At three-thirty she had finished one cabinet, and was midway through a drawer in the second one, when she pulled out a file labeled: Knowlton. After a glance, she replaced it and reached for the next file, then paused as a faint memory stirred. Knowlton. Something. She took it out again and looked more closely at the contents. She saw drawings of prosthetics, joints, arms, legs, things she didn’t recognize. Slowly she walked to the big desk and sat down, gazing at the drawings. She caught her breath as the memory took shape. Knowlton had sued the company, accused them of stealing or something. The file was thick, and her fingers fumbled as she picked up and put down papers after scanning them hastily.

Oh, my God! she said.

Moving fast, she closed the file folder and ran back to the cabinet to close the drawer, then hurried across the office to where she had put down her briefcase with the manuscript she was to edit. She stuffed the file folder inside, put on her sweater, snatched up her purse and left the beautiful apartment.

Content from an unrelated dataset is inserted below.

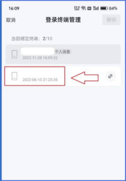 3、选中自己想要解绑的终端,最好多确认几次,以免解绑错了。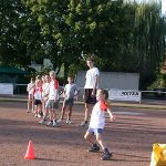 Vor allem donnerstags zwischen 18.30 und 20.00 Uhr in der Gruppe der jugendlichen Leichtathleten, die oft schon viele Jahre beim FTV trainieren, kennt man einander und schätzt das wöchentliche Treffen nicht nur, um sich fit zu halten. In der mit über 30 Kindern sehr großen Gruppe, die donnerstags ab 17.00 Uhr trainiert, sind bereits einige erfahrene Wettkämpfer dabei sowie eine Menge Kinder, die einfach Bewegungserfahrung sammeln wollen bzw. herauszufinden versuchen, wo ihre sportlichen Begabungen liegen. Hier wird im Trainingsprogramm besonders darauf geachtet, dass der „Spaßfaktor“ stimmt!Abwechslung ist natürlich ebenfalls eine Voraussetzung für die gute Stimmung beim Training. Und für Abwechslung ist von Natur aus gesorgt: Ab Ostern wird bei trockenem Wetter auf der Fischelner Bezirkssportanlage trainiert; ab den Herbstferien bei jedem Wetter in der Halle des MSM-Gymnasiums, die auch bei Regenwetter für den Rest des Jahres zur Verfügung steht. Die drei Grunddisziplinen der Leichtathletik haben sich seit den alten Griechen nicht verändert: Laufen, Springen, Werfen – das ist es, worum es mit dem Anspruch „höher, schneller, weiter“ immer noch geht. Die Technik hat sich natürlich fortentwickelt, es gibt also immer noch Neues zu unterrichten – und zu lernen. In der Freiluftsaison stehen die drei Grundthemen der Leichtathletik auf dem Übungsplan im Vordergrund, in der Hallensaison beschäftigt man sich mehr mit dem Ausfeilen der Techniken, Krafttraining (kann auch Spaß machen!) und Sportspielen, damit es nicht langweilig wird. Und eigentlich kann es gar nicht langweilig werden, so lange man die eigenen Grenzen noch nicht erreicht hat!

Her cell phone rang as she stood on the street and hailed a cab. She ignored her phone. Outside her bank minutes later, she made a call of her own.

Leonora, something urgent has come up. You have to collect Jason and take him home, then pack a suitcase for him, and one for me. We have to go somewhere. I’ll explain when I get there. Leonora wanted to know what was wrong, and impatiently Elizabeth cut her off and said, Just do it. I’ll tell you when I get there. Do it now.

At the bank she made out a withdrawal slip for ten thousand dollars from her savings account. When the teller looked puzzled, she said, as lightly as she could manage, A friend is selling her car, but she has to have cash. It’s a sweet deal. No hassle, she thought. Just don’t give me a hassle. The teller asked her to wait a few minutes, and while she waited, she made plans.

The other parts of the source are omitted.